Isn't str2 also a pointer? 

Nope, it's an array.  If it helps to make things clearer, sizeof(str1)
will be different than sizeof(str2).  In particular:

    sizeof(str1) == sizeof(char *)
    and
    sizeof(str2) == strlen(str2)+1

That should help make it clearer that str1 and str2 are different types.
If you were to give them names, str1's type would be "char *" and str2's
type might be "char[8]".  One is a pointer and the other is an array.

That may not make much sense, but think for a moment about how an int
can be automatically converted to a float:

	int i = 1;
	float f = 3.14159;

	printf ("%g", i + f);

What's going on here is that the compiler sees an expression where the
operator (in this case "+") has two arguments which are different types.
It then implicitly converts the integer into a floating point value
when generating the code that will correspond to that expression.

A similar thing happens when arrays are used where a pointer value is
needed.  The compiler thinks "this isn't a pointer, but since it's an
array, I can create a pointer value from it".
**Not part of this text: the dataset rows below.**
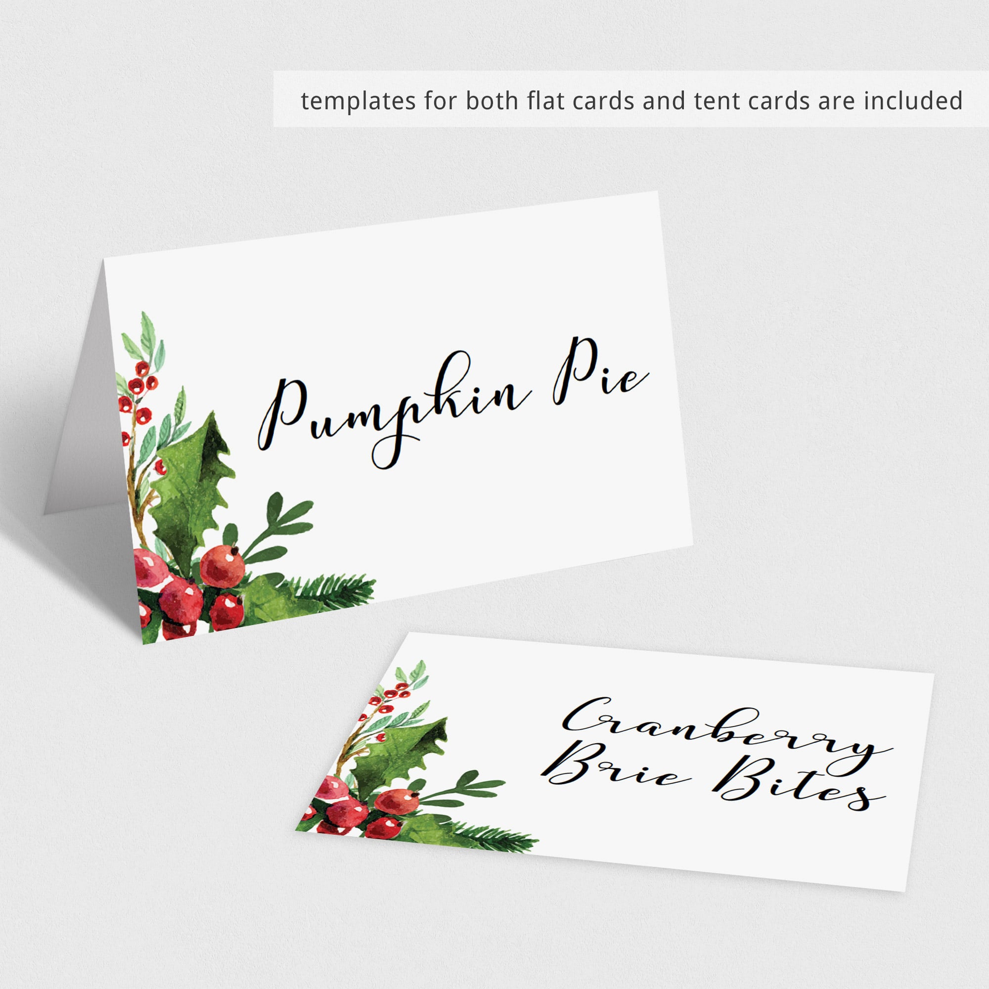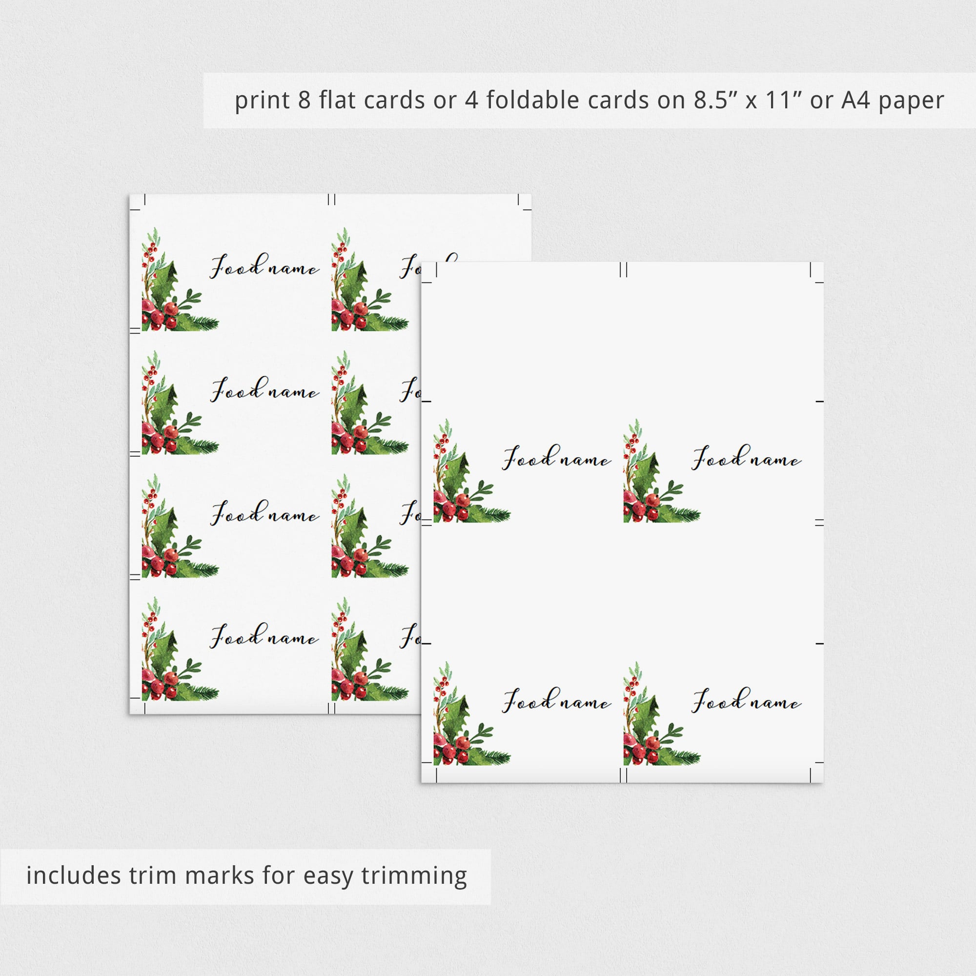 Decorate your Holiday buffet table with these beautiful red and green buffet cards. The watercolor red berries and green leaves will ensure that you have those special winter vibes at your party. The editable buffet cards are perfect to label desserts, serve as place cards or you can use them as gift name tags.
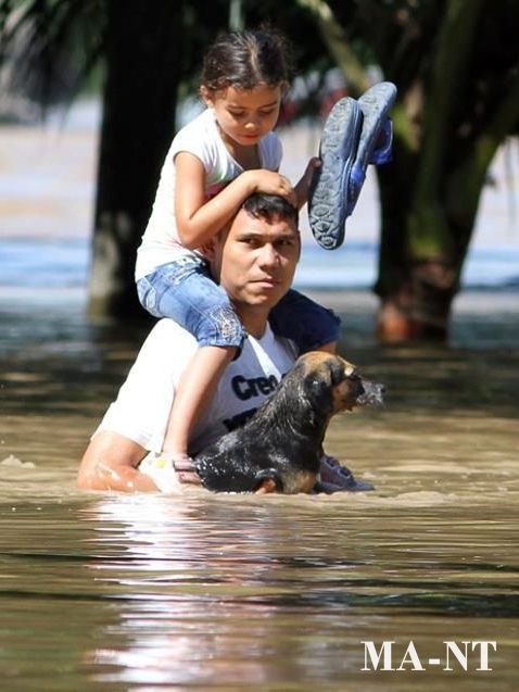 What makes the image so powerful is its raw simplicity. The child sits high above the water, trying to keep dry, while the dog is held close against the man’s chest. Both depend entirely on him. And in that moment, he becomes more than a parent or pet owner — he becomes a lifeline.
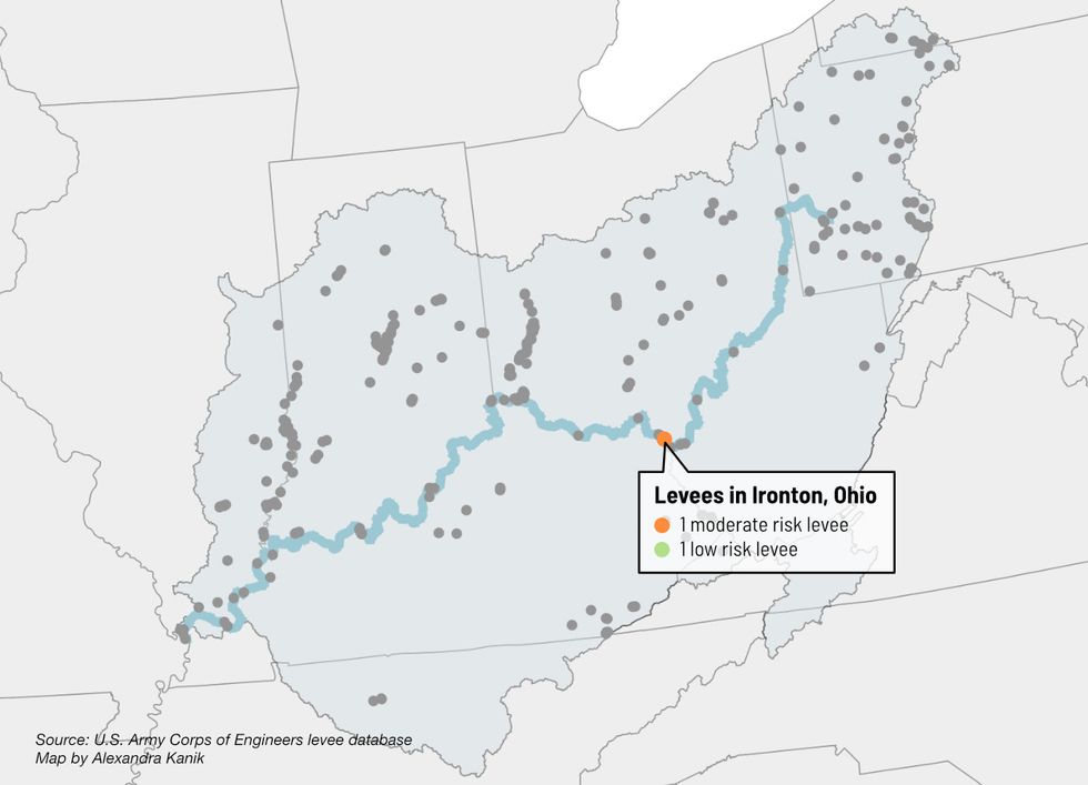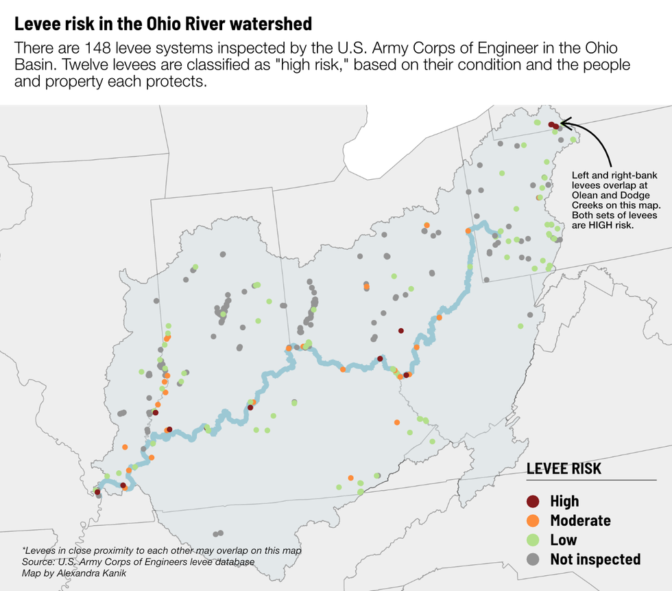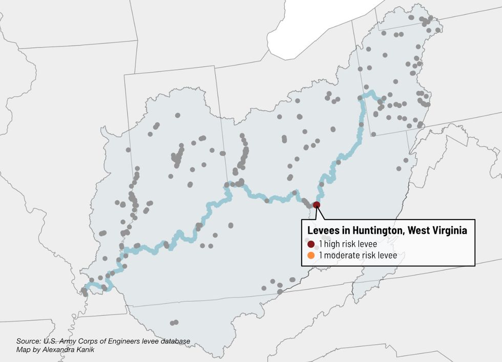 Twelve levee systems in the Ohio River basin have a "high" risk classification, including in Huntington, Louisville and systems protecting cities as small as Brookport, Illinois. This classification calls on officials to increase the "frequency of levee monitoring" and ensure the "community is aware of flood warning and evacuation procedures."
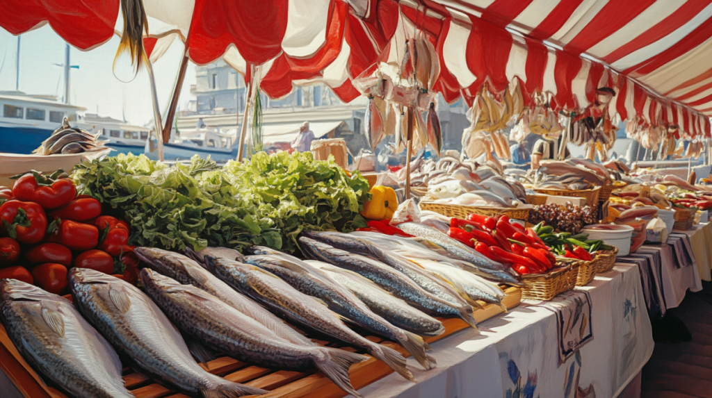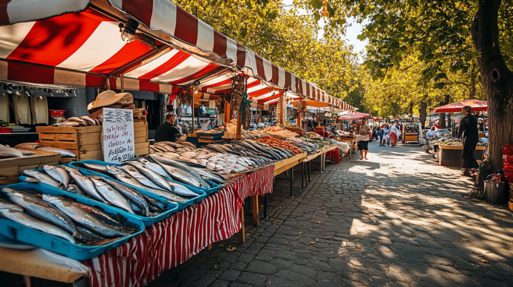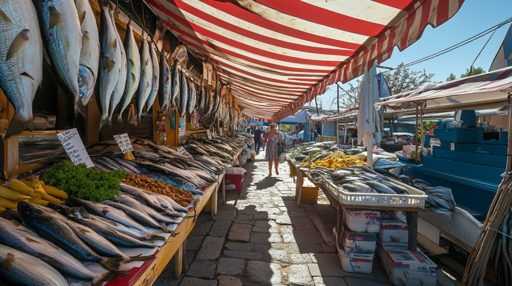 市場的棚架用鐵架和條紋遮布搭成,攤位上吊著一排排煙燻魚,魚皮在陽光下泛著金光。有的細長如梭魚,有的扁圓帶深色魚背;不遠處的木桌上鋪著碎冰或藍色塑膠布,擺著新鮮的鱸魚、比目魚、甚至有幾條鰻魚。
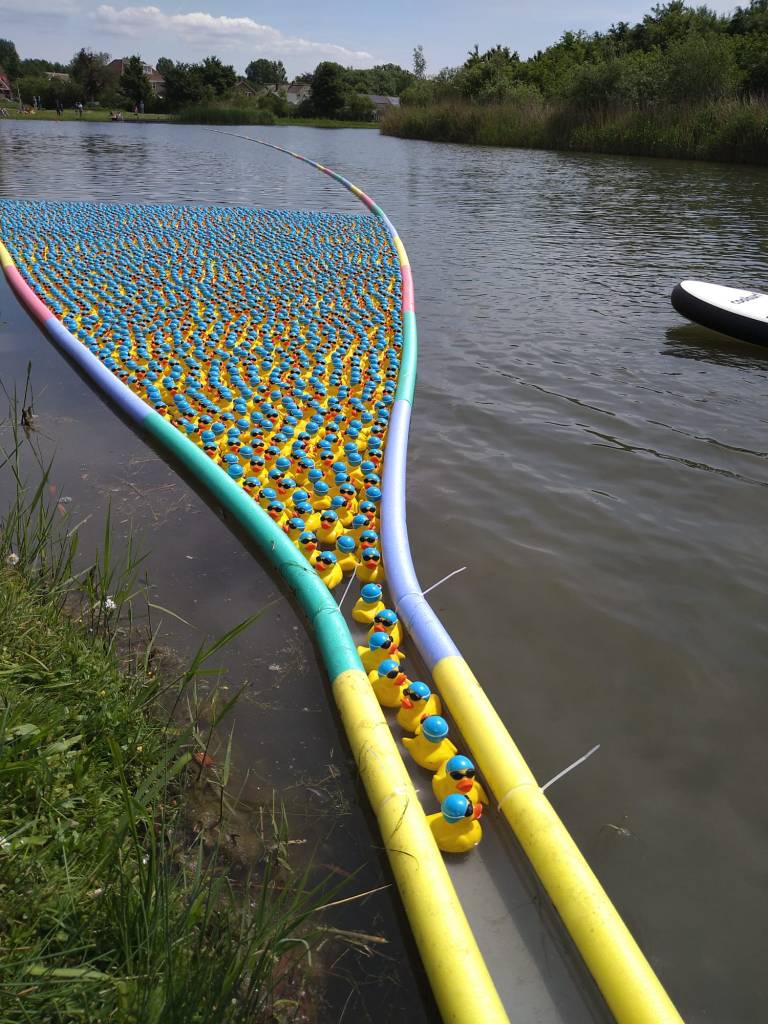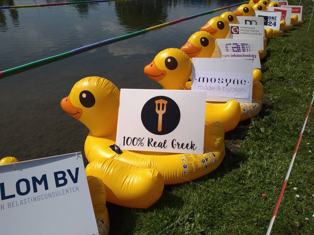 Onder bovenstaand motto verhuren wij de materialen die we voor de badeendjesrace gebruiken ook graag aan een ander. De opbrengst hiervan wordt via onze goede doelen stichting ook weer geschonken aan een goed doel.
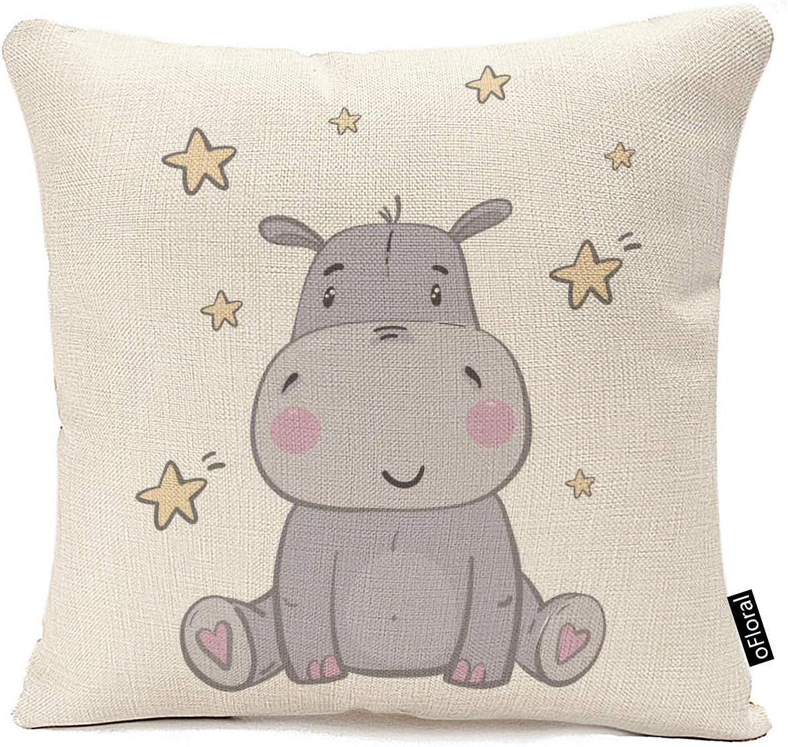 Amazon Com Ofloral Throw Pillow Covers Pink Africa Cute Hippo For Children Animal Star Decorative Pillow Case For Home Couch Bedroom Car 18x 18 Inch Cotton Linen Pillowcase Home Kitchen
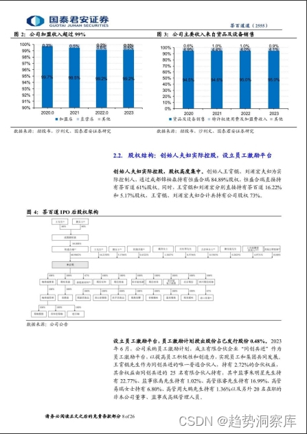 - 公司收入主要来自向加盟店销售货品及设备,加盟收入占比超过98%。
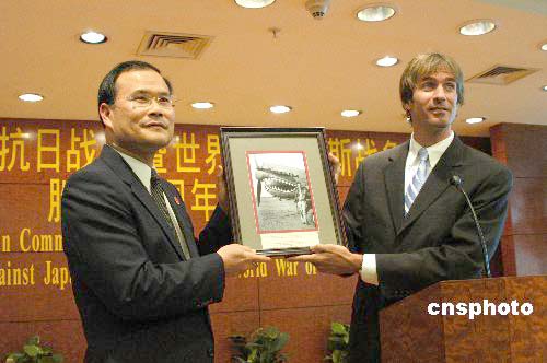 據(jù)美國《僑報》報道,在中國駐紐約總領(lǐng)館17日晚舉行的紀念抗日戰(zhàn)爭暨世界反法西斯戰(zhàn)爭勝利60周年招待會上,劉碧偉代表總領(lǐng)館,接受了這份見證中美兩國聯(lián)合抗擊法西斯侵略的珍貴紀念品。
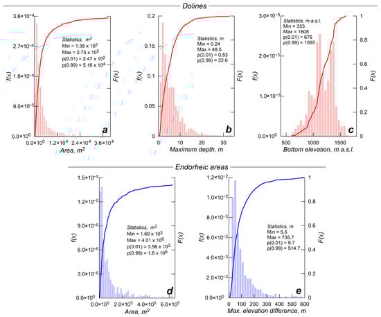 Probability density distribution, f(x), and relative cumulative frequency, F(x), of dolines (a–c) and endorheic areas (d,e) for different morphometric features (area, maximum depth, and bottom elevation). The main statistics are provided by figures.
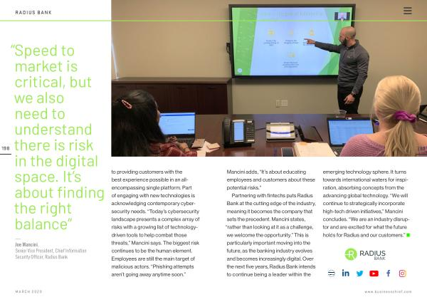 Partnering with fintechs puts Radius Bank at the cutting edge of the industry , meaning it becomes the company that sets the precedent . Mancini states , “ rather than looking at it as a challenge , we welcome the opportunity .” This is particularly important moving into the future , as the banking industry evolves and becomes increasingly digital . Over the next five years , Radius Bank intends to continue being a leader within the emerging technology sphere . It turns towards international waters for inspiration , absorbing concepts from the advancing global technology . “ We will continue to strategically incorporate high-tech driven initiatives ,” Mancini concludes . “ We are an industry disruptor and are excited for what the future holds for Radius and our customers .”
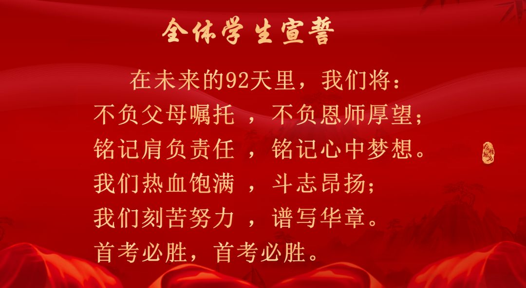 十年一劍堪磨礪,踔厲奮進(jìn)正當(dāng)時(shí)。沖鋒的號(hào)角在耳邊響徹,波瀾壯闊的畫卷盡情鋪展,為進(jìn)一步激發(fā)高三學(xué)子拼搏精神,堅(jiān)定師生迎戰(zhàn)首考的必勝信心,2024年10月6日下午16:00, 2025屆高三年級(jí)首考動(dòng)員大會(huì),在學(xué)校啟強(qiáng)樓一樓報(bào)告廳隆重舉行,高三全體師生共赴這場(chǎng)青春盛宴,見證了這一莊嚴(yán)而神圣時(shí)刻。
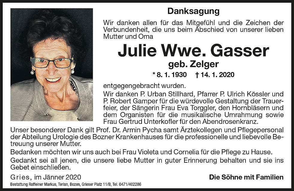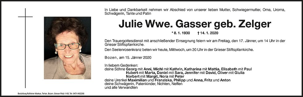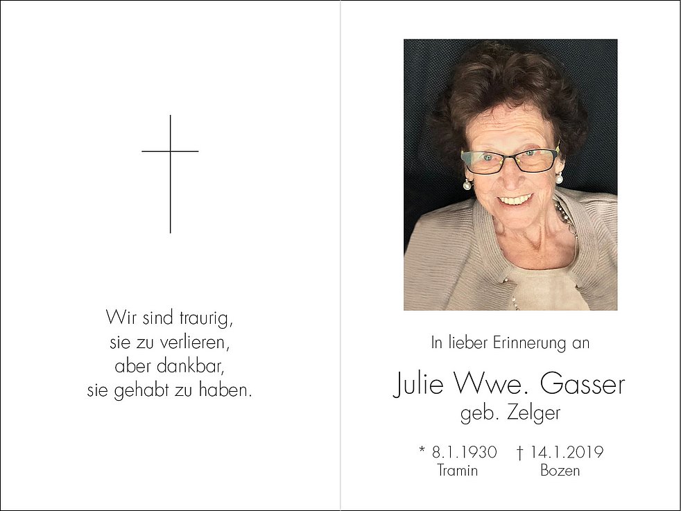 Julie Wwe. Gasser geb. Zelger
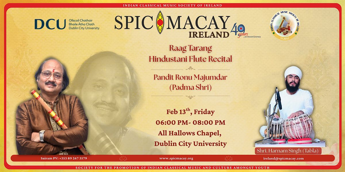 SPIC MACAY Ireland in collaboration with ICMSI, DCU's School of Music and Ireland India Institute present Raag Tarang, an echanting evening of Hindustani Flute Recital by Pandit Ronu Majumdar (Padma Shri) at All Hallows Chape, DCU.
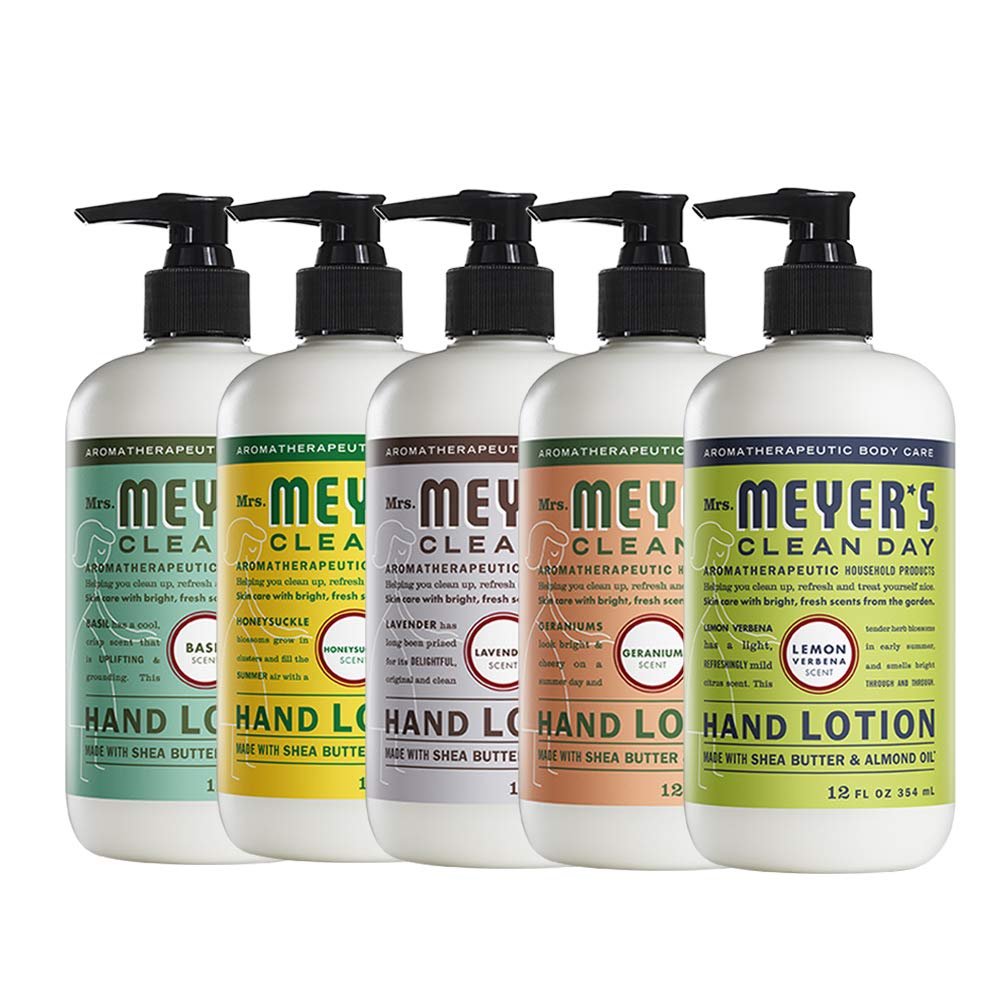 Mrs. Meyers Clean Day Hand Lotion, 1 Pack Basil, 1 Pack Lavender, 1 Pack Geranium, 1 Pack Lavender, 1 Pack Lemon Verbena, 12 OZ each

Another way they differ, if I understand correctly is that this would
be legal:

	str1 = (char *) "another string";

but this would not be:

	str2 = (char *) "another string";

The reason is this:  str1 is just a pointer, so it can take on any value.
But str2 is the array that contains { 'J', 'H', 'O', 'N', 'S', 'O', 'N', 0 },
and how are you supposed to assign a pointer to that?

  - Logan
.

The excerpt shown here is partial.